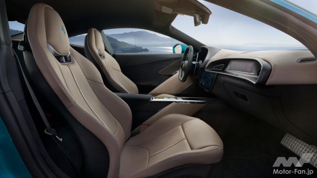 ディアルコックピットレイアウトが採用されたキャビンでは、ステアリングホイールに物理ボタンを装備し、アイコニックなスタートボタンも復活。一体化したセンターディスプレイと人間工学に基づく操作系により、ダイナミックなドライビング中でも車両との直感的な意思疎通が可能だ。カーボンファイバー素材の多用と、アクセントとなるステッチングがエクスクルーシブな印象をさりげなく高めている。+2による後席は新型アマルフィの実用性を示すもので、子ども連れの旅行にも行ける。
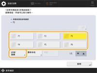 如果 <多用途紙盤預設值> 下方的 <總是指定> 設為 <常用紙張>,則將紙張裝入多用途紙盤時會顯示一個畫面,可讓您選擇「常用紙張」。<多用途紙盤預設值> |
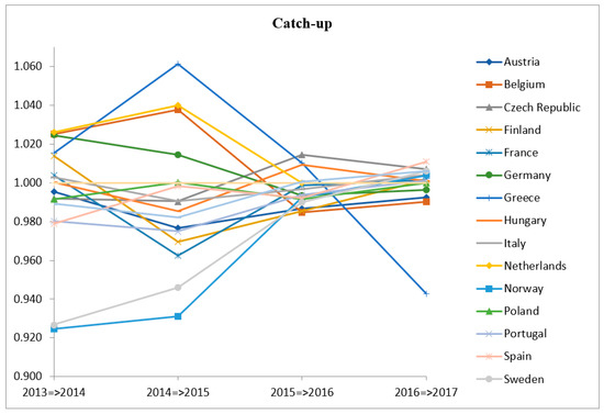 The last column in Table 6 shows the overall average efficiency changes of DMUs during 2013–2017. These values range between 0.963 and 1.017. The overall average efficiency change of all 17 countries in this time period is 0.995, which shows a minor recession. The efficiency in the time period recessed the most (−0.8%) in the time period 2014–2015 and improved the most (−0.2%) in the time period 2016–2017.
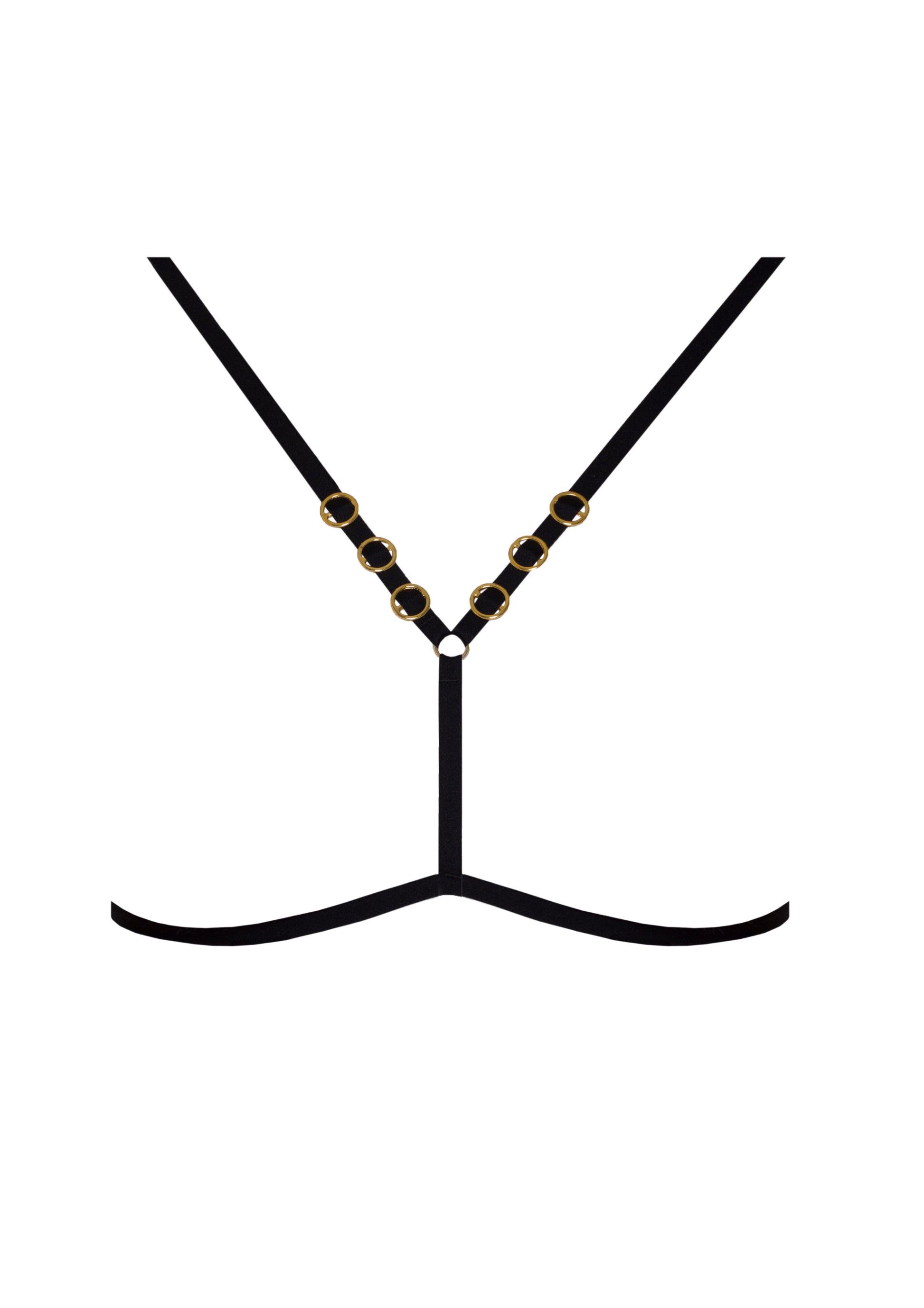 A bold yet elegant addition to the Melania collection, the Harness is designed to accentuate and enhance your lingerie ensemble. Crafted from sleek black elastic straps, it features refined gold ring details that add a touch of sophistication and modern edge. The adjustable fit allows for a comfortable and customizable wear, making it the perfect statement accessory to elevate any bra or lingerie set.
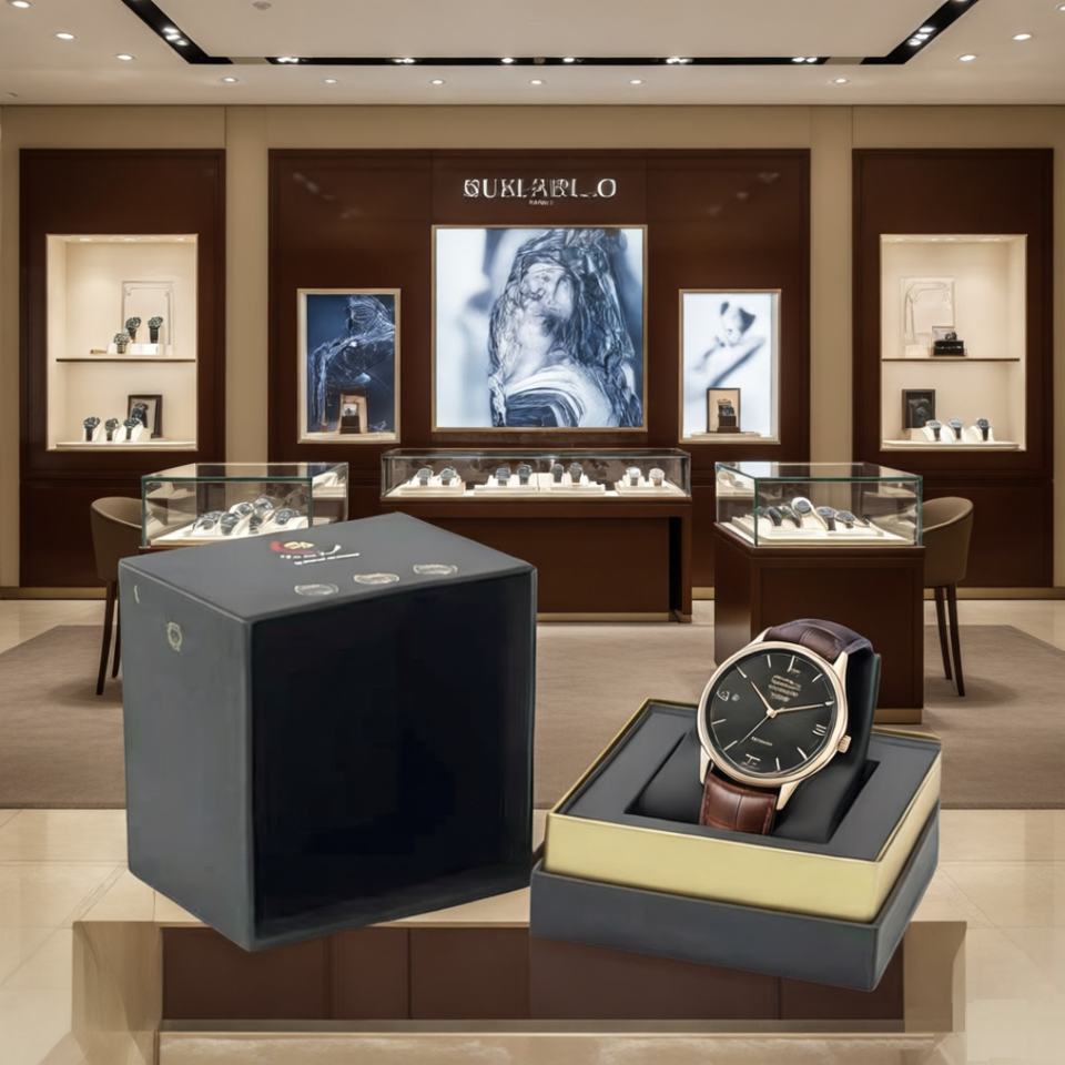 Caja de Cartón Ecológica, Reciclable y Biodegradable para Relojes, con Forro de Esponja y Materiales Reciclados, Diseño Personalizado
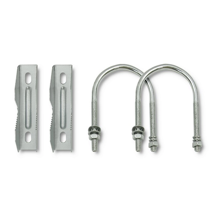 Supports et étriers en U inclus pour une fixation sécurisée sur mât ou équerre. Matériaux résistants adaptés à une utilisation prolongée en extérieur.
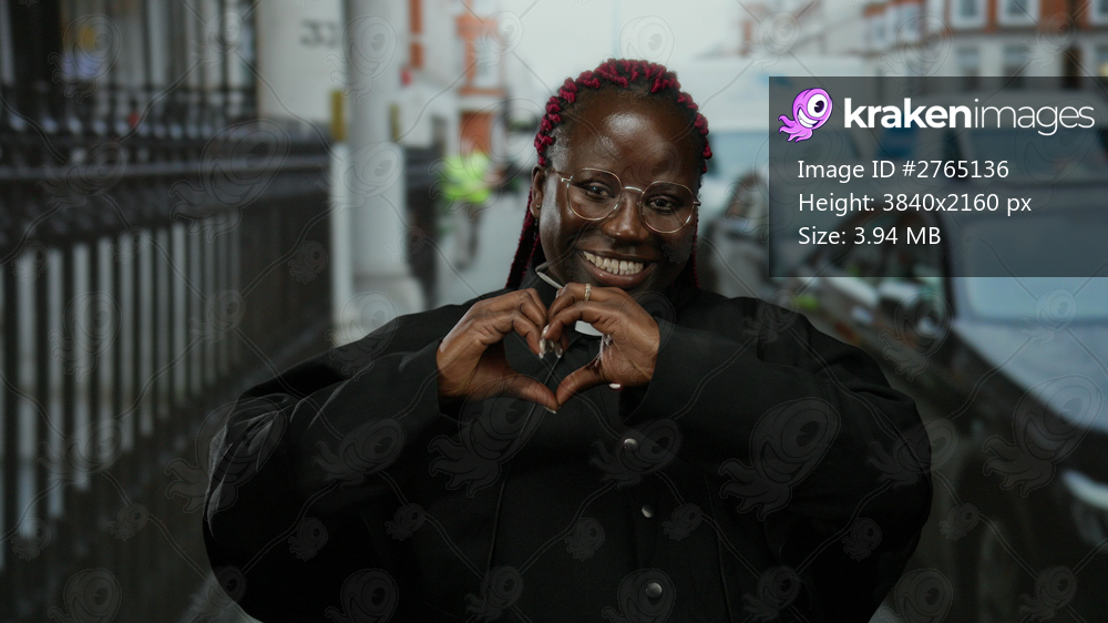 Woman dressed as a cleric smiling and making heart shape with hands on a bustling city street, with cars and buildings in the background, expressing joy and positivity outdoors. - Kraken Images
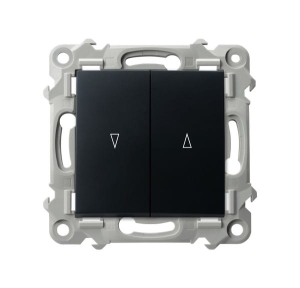 Łącznik wyposażony w dwa przyciski. Stosowany do sterowania żaluzji (podnoszenie/opuszczanie). Podnoszenie lub opuszczanie żaluzji następuje poprzez przytrzymanie przycisku. Pozwala na łączenie w obrębie dwóch oddzielnych obwodów, ale uniemożliwia łączenie ich jednocześnie. Do kompletu wymagana ramka. Można stosować do systemów ramkowych wielokrotnych.
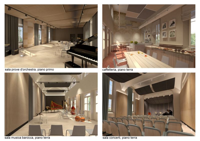 Al piano terra. La presenza dell’ampio cortile interno suggerisce la possibilità di uso ed allestimento per eventi e prove d’orchestra occasionalmente aperti ad ospiti esterni. Il portico perimetrale continuo e i numerosi affacci dei locali al piano terra ne rendono ottimale l’utilizzo, anche per comparti, fornendo diretta percezione delle attività svolte all’interno dei locali, in occasione di apertura al pubblico. L’inserimento di un locale Caffetteria al piano terra, potrebbe completare il servizio all’utenza in considerazione della attuale frequentazione dei corsi da parte di studenti fuorisede, di visitatori ed ospiti esterni ed accompagnatori degli allievi di minore età. Il cortile secondario potrebbe costituire area esterna della Caffetteria, ovvero area ricreativa/studio/sosta all’aperto. L’area Amministrativa, compresa la Direzione e la Presidenza, trovano adeguata collocazione nei locali precedentemente occupati dalla Amministrazione e dalla Biblioteca Universitaria. L’ampio Atrio a doppia altezza, voltato con crociere, collocato a cerniera tra l’ala nord e l’ala est, presenta peculiari caratteristiche valorizzabili con l’utilizzo del locale come punto Informazioni ed accoglienza dell’Utenza. La collocazione delle aule di musica di insieme, jazz e percussioni, è proposta al piano terra, nell’ala sud rivolta verso vicolo Pasolini. La posizione risulterebbe strategica sia per la possibilità di renderne compartimentato e autonomo l’accesso, anche in orari diversi rispetto a quelli previsti per l’uso delle aule didattiche al piano primo, sia per la particolare conformazione costruttiva dei locali. Le spesse murature perimetrali in parte già favoriscono il contenimento acustico, che dovrà essere ulteriormente incrementato con opportune mitigazioni, atte a costituire efficace “contenimento” verso l’esterno. L’attuale Aula Magna si presta all’utilizzo come sala concerti, con capienza per circa 100 persone.
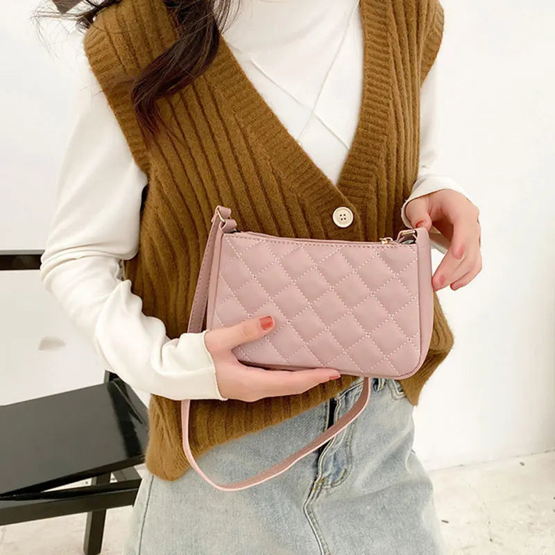 This small armpit bag is made of solid PU leather, perfect for daily use. It features a trendy plaid design.
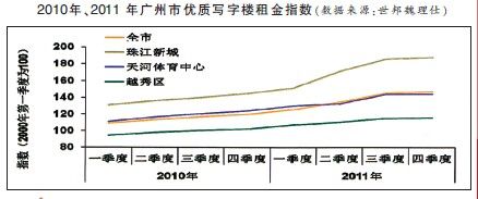 預(yù)警二:新興商圈帶動(dòng)租金下降世邦魏理仕數(shù)據(jù)顯示,2011 年廣州市優(yōu)質(zhì)商鋪?zhàn)饨鸹境史€(wěn)中微降的趨勢(shì),其主要原因是珠江新城和白云新城等新興商圈年內(nèi)有大體量新項(xiàng)目入市。新興商圈項(xiàng)目主要以低租金吸引客戶,拉低了全市平均租金。因此至四季度末,全市整體租金水平均為每天每平方米46.5 元,同比下跌3.1%。相比之下, 同期傳統(tǒng)商圈的租金仍然維持堅(jiān)挺并略有上升,2011 年末天河體育中心商圈租金同比上升6.7%,而北京路和陵園西商圈租金則錄得11.1%的年度漲幅。由此可見, 買鋪收租應(yīng)始終考慮地段的重要因素,不可輕率入市。預(yù)警三:寫字樓空置率將有所上升2011年一手寫字樓成交量持續(xù)增長,天河區(qū)的珠江新城依然是成交量最大的區(qū)域,而外圍區(qū)域蘿崗區(qū)、番禺區(qū)和南沙區(qū)等皆有活躍的表現(xiàn),主要原因是政策扶持、交通通達(dá)度的提高與較低的成交總價(jià)。成交價(jià)格方面,2011 年攀升較大,12 月均價(jià)達(dá)元/平方米,創(chuàng)近兩年新高。據(jù)中原地產(chǎn)數(shù)據(jù)顯示,2011 年廣州市寫字樓租金升幅大約在5%左右, 但年預(yù)計(jì)會(huì)有新增項(xiàng)目持續(xù)入市(特別是珠江新城),所以租金受龐大的新增量壓力影響,難以大幅上升。空置率方面,2011 年廣州市寫字樓空置率有所攀升。即使吸納量在亞運(yùn)后得到攀升,但廣州市有高達(dá)50 多萬平方米的甲級(jí)寫字樓新增面積供應(yīng),空置率全年達(dá),比2010 年增加超過三成。《藍(lán)皮書》預(yù)計(jì),鑒于2012 年新增供應(yīng)檔次偏高, 市場(chǎng)吸納度還不足以應(yīng)對(duì)眾多新增寫字樓,空置率依然會(huì)有上升的趨勢(shì)。預(yù)警四:優(yōu)質(zhì)辦公物業(yè)租金或下調(diào)據(jù)世邦魏理仕數(shù)據(jù)顯示,2011 年廣州市優(yōu)質(zhì)寫字樓租賃成交活躍,供需兩旺,且受通脹大環(huán)境影響,平均租金在全年內(nèi)持續(xù)攀升。本年度前三季度租金上漲迅速,其中第二和第三季度更分別錄得環(huán)比7.4%和的增幅,達(dá)近五年來的高位,至四季度由于需求增速下降而租金升幅有所放緩。截至2011 年第四季度,廣州優(yōu)質(zhì)寫字樓的平均租金升至每月每平方米132 元,同比升幅高達(dá)22.5%,已超過金融危機(jī)前的平均租金水平。其中珠江新城四季度優(yōu)質(zhì)寫字樓的租金達(dá)到每月每平方米164 元,同比升30.0%。另外,在2011 年度的新增供應(yīng)中, 甲級(jí)寫字樓供應(yīng)量高達(dá)。甲級(jí)與非甲級(jí)寫字樓的租金差距被逐漸拉大,這一現(xiàn)象反映了當(dāng)前廣州寫字樓的需求面有品質(zhì)化、高端化的趨勢(shì)。不過, 隨著廣州甲級(jí)寫字樓與乙級(jí)寫字樓租金差距逐步擴(kuò)大,乙級(jí)寫字樓的租金優(yōu)勢(shì)將愈加凸顯, 甲級(jí)寫字樓的租賃成交可能將出現(xiàn)放緩跡象。從中期來看, 當(dāng)大量優(yōu)質(zhì)寫字樓物業(yè)的逐步投入使用, 對(duì)租金的壓力也將逐步體現(xiàn), 優(yōu)質(zhì)辦公物業(yè)租金將可能會(huì)出現(xiàn)下調(diào)。商業(yè)物業(yè)方面,大量的新增供應(yīng)預(yù)料將令優(yōu)質(zhì)商業(yè)物業(yè)租金持續(xù)向下調(diào)整,但由于當(dāng)前的國際服飾品牌以及國內(nèi)大型餐飲租戶的積極擴(kuò)張,相信整體的空置率水平不會(huì)出現(xiàn)大幅增長。

○ ○ ○ ○

In the entries above, find the line with "Caja de Cartón" and the line with "Supports et étriers". Return exactly those lines and all the ones between them, pictures excluded.

**Your solution**
 Caja de Cartón Ecológica, Reciclable y Biodegradable para Relojes, con Forro de Esponja y Materiales Reciclados, Diseño Personalizado
 Supports et étriers en U inclus pour une fixation sécurisée sur mât ou équerre. Matériaux résistants adaptés à une utilisation prolongée en extérieur.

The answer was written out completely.